**TASK TO COMPLETE:**
Retype exactly what appears below from the line containing "Super-Fine Mesh Pasta" down to the line containing "校庭では1年生が植木鉢を持ってなにかしています。", keeping both end lines. Do not include pictures.

**AVAILABLE DATA:**
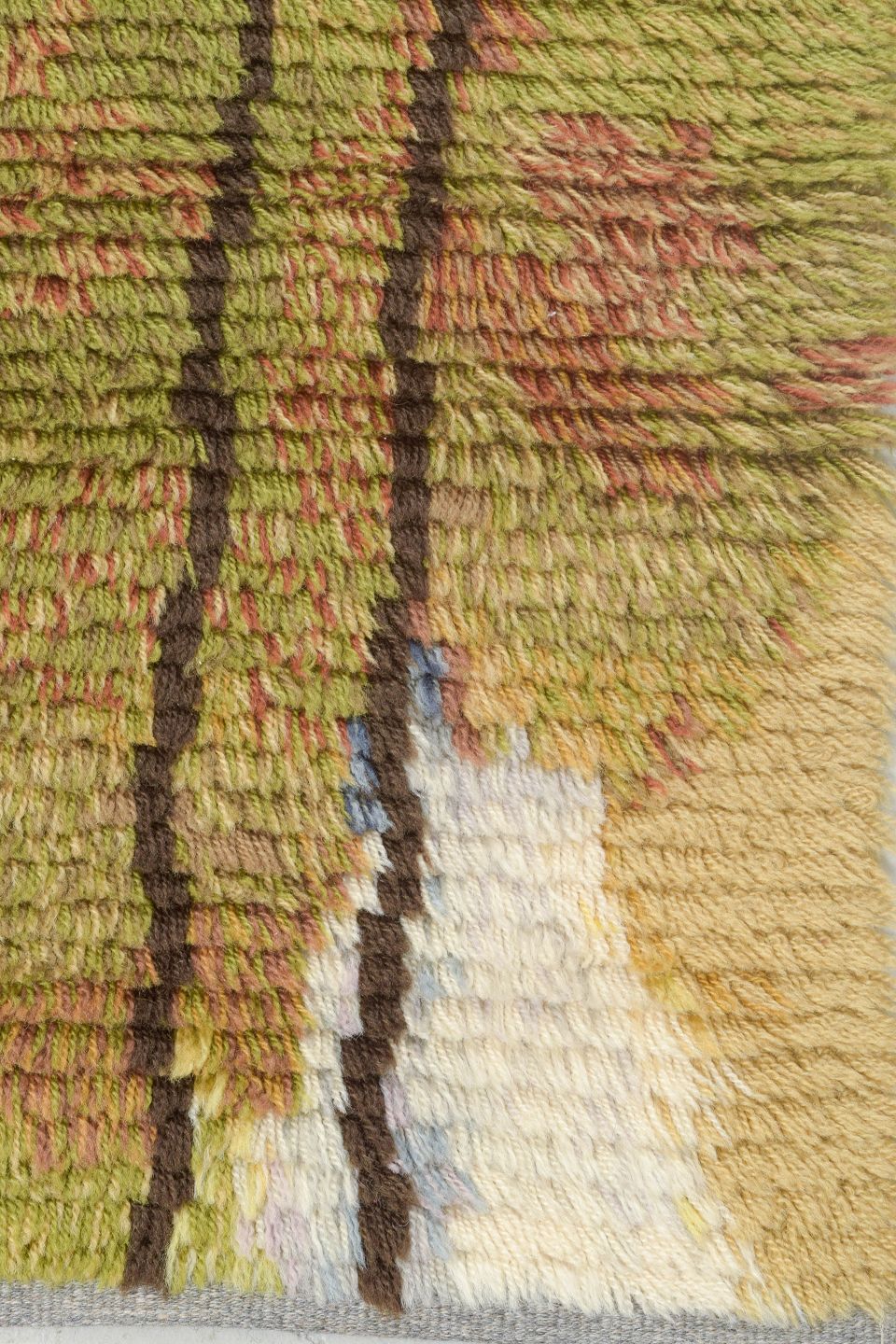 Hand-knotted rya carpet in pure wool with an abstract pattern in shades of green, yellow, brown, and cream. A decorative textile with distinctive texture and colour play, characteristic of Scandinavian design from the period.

==

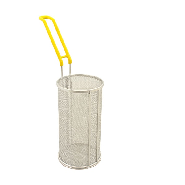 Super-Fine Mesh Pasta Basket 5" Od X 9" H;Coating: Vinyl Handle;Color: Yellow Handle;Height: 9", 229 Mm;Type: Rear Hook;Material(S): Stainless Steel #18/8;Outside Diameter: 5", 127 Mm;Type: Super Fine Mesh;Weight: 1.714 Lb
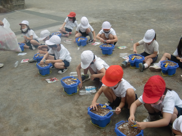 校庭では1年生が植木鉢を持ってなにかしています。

**PROBLEM SOLUTION:**
 Super-Fine Mesh Pasta Basket 5" Od X 9" H;Coating: Vinyl Handle;Color: Yellow Handle;Height: 9", 229 Mm;Type: Rear Hook;Material(S): Stainless Steel #18/8;Outside Diameter: 5", 127 Mm;Type: Super Fine Mesh;Weight: 1.714 Lb
 校庭では1年生が植木鉢を持ってなにかしています。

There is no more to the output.